Friday, March 30, 2007

De dentro da parede, no rasgado do reboco, do tijolo, dos canos e ferros (que se rasgaram fácil que nem papel), brotam galhos de plantas que se agigantam e espiralam.
Verdes, mas também azuis e amarelos e vermelhos technicolor.
Eu fico pensando na seriedade do que eu devia estar fazendo, no que eu devia saber sobre o ano de 1848 e os movimentos operários na Europa e não consigo imaginar como isso pode ser mais importante que os bichos multicor que brotam da cômoda em frente à minha cama.
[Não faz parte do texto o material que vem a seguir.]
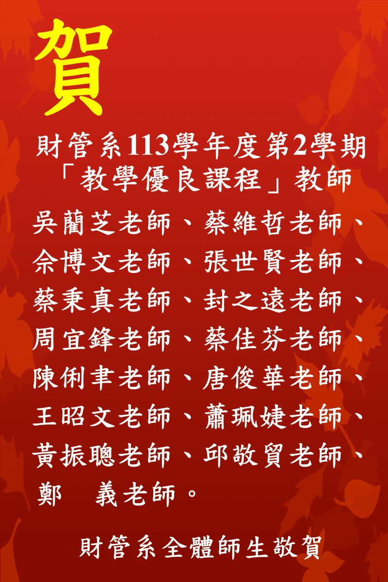 【賀】財管系教師:吳藺芝、蔡維哲、佘博文、張世賢、蔡秉真、封之遠、周宜鋒、蔡佳芬、陳俐聿、唐俊華、王昭文、蕭珮婕、黃振聰、邱敬貿、鄭義老師,獲本校113學年度第2學期「教學優良課程」獎勵。
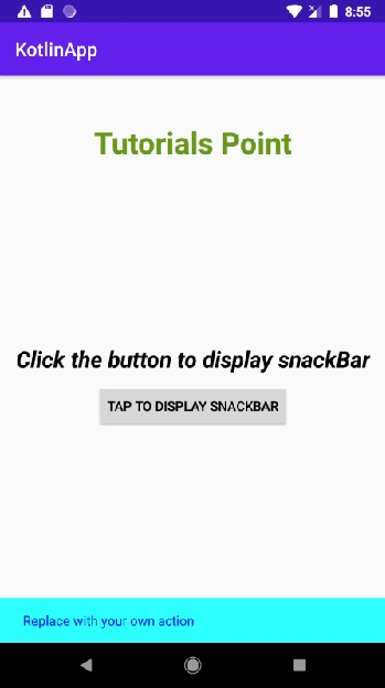 <?xml version="1.0" encoding="utf-8"?> <RelativeLayout xmlns:android="http://schemas.android.com/apk/res/android" xmlns:tools="http://schemas.android.com/tools" android:layout_width="match_parent" android:layout_height="match_parent" tools:context=".MainActivity"> <TextView android:layout_width="wrap_content" android:layout_height="wrap_content" android:layout_centerHorizontal="true" android:layout_marginTop="50dp" android:text="Tutorials Point" android:textAlignment="center" android:textColor="@android:color/holo_green_dark" android:textSize="32sp" android:textStyle="bold" /> <TextView android:id="@+id/textView" android:layout_width="wrap_content" android:layout_height="wrap_content" android:layout_centerInParent="true" android:text="Click the button to display snackBar" android:textColor="@android:color/background_dark" android:textSize="24sp" android:textStyle="bold|italic" /> <Button android:id="@+id/btnSnackBar" android:layout_width="wrap_content" android:layout_height="wrap_content" android:layout_below="@id/textView" android:layout_centerInParent="true" android:layout_marginTop="10dp" android:text="Tap To Display SnackBar" android:textColor="@android:color/background_dark" /> </RelativeLayout>
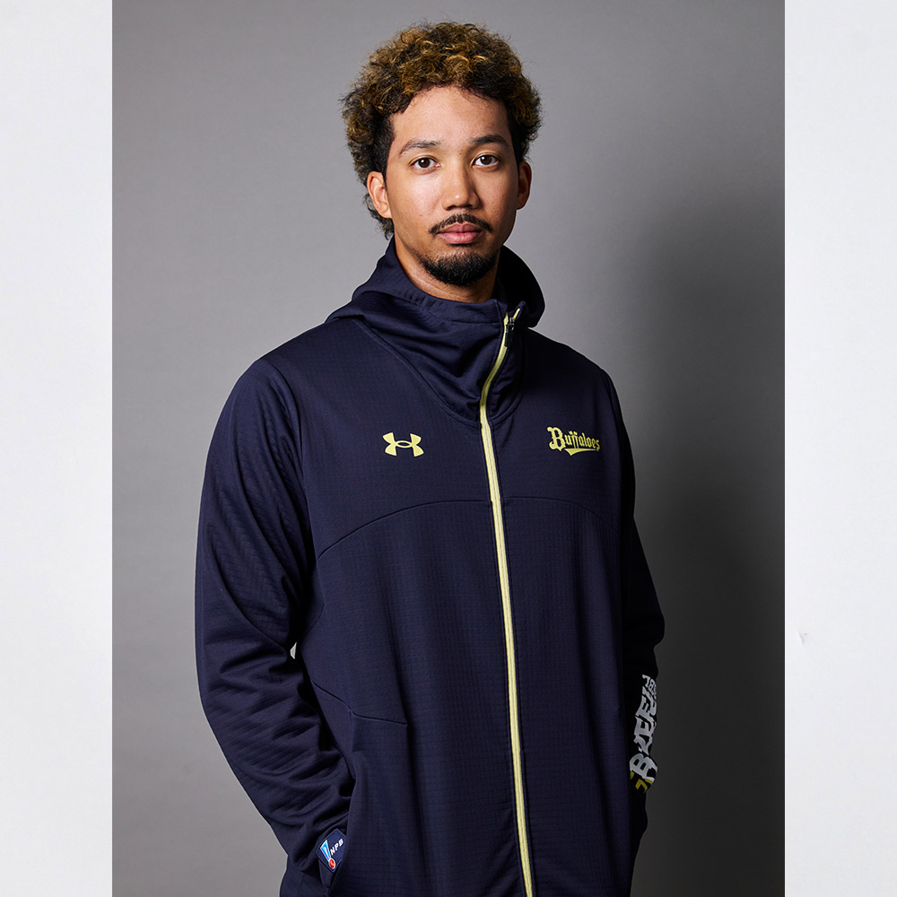 フーディジャケットは、アンダーアーマーのアウターを代表する『ウインターニット 3レイヤー』を使用。

Vejo Prodhoun como um camaleão de dois rabos. Marx cospe maravilhosas aranhas que tecem fios de ouro cujas teias formam uma cama elástica a pouco mais de um metro de onde eu estou deitada. E todos eles – todos os bichos, sejam eles homens históricos ou seres fantásticos – são atraídos pelo jardim suspenso da minha Babilônia minúscula de subúrbio.
Subúrbio. Movimento operário.
Esfrego os olhos e espanto do meu quarto a fauna e flora do meu mundo paralelo. Preciso estudar. Porém, uma melodia hipnotizante toma corpo e me distrai. A Austrália foi a primeira a conseguir a jornada de oito horas,
mas aqui no meu país-cômodo o relógio marca o compasso de uma sinfonia urbana desigual e louca e meus minutos parecem horas de trabalho bem vividos (trabalho sem trabalho) . Toca a música que embala os meus sonhos pré-dormidos -sons de sino ao longe (os sinos da igreja ainda são tocados?), ensaio de escola de samba, motos sem escapamento, novela no vizinho.
... Mas os sons se tornam mais baixos e vão diminuindo até se tornarem inaudíveis.
Não vejo mais as criaturas mágicas de 5 minutos atrás.
O silêncio é, então, só o que é – silêncio.
E então me esmaga, me aperta os músculos e me deixa sem ar. Estou presa, sinto um frio horrendo na espinha, meu coração dispara. Tenho medo da morte. Instintivamente pego o livro de História e rasgo. Luto pela minha vida, fazendo picadinho das páginas. Mas os pedacinhos ainda me parecem tão grandes!... Vejo ainda umas palavras inteiras, olha só “anarquistas”, “burguesia”, “Kossuth”... e me desespero. Minhas têmporas doem. AAAAhhhh, minha cabeça vai explodir! Levo os pedacinhos à boca, mastigo o melhor que posso. Engulo com dificuldade o papel grosso, parece que sinto o gosto da tinta goela abaixo, os cantinhos do papel amassado irritando a laringe, faringe, esôfago.
Quando já não agüento mais engolir, cuspo o resto do texto que me ameaçava de morte, remexendo bem os pedacinhos, para ter certeza de que a saliva apagou a tinta. Nenhum vestígio. Agora só vejo metades de palavras. O resto – os trechinhos cuspidos – estão borrados, não posso ler o que dizem.
Dou graças a Deus.

Volto a respirar normalmente e meu coração desacelera. É como voltar de um mergulho forçado em águas hostis. Devagarinho me deito novamente, cansada daquilo tudo. Antes de fechar os olhos, contemplo novamente a cama elástica dourada acima da cama em que me deito e sorrio, sabendo que em alguns segundos uma das aranhas que a teceram aparecerá para me sorrir de volta.
Estou salva.

1 comment:

itzaac said...

tentadoramente realista e acido, ao ponto de digerir alguns desentendimentos acerca dos sentimentos que sao comumente humanos.adoro os detalhes materializados em pedacos de palavras...honestamente brutal!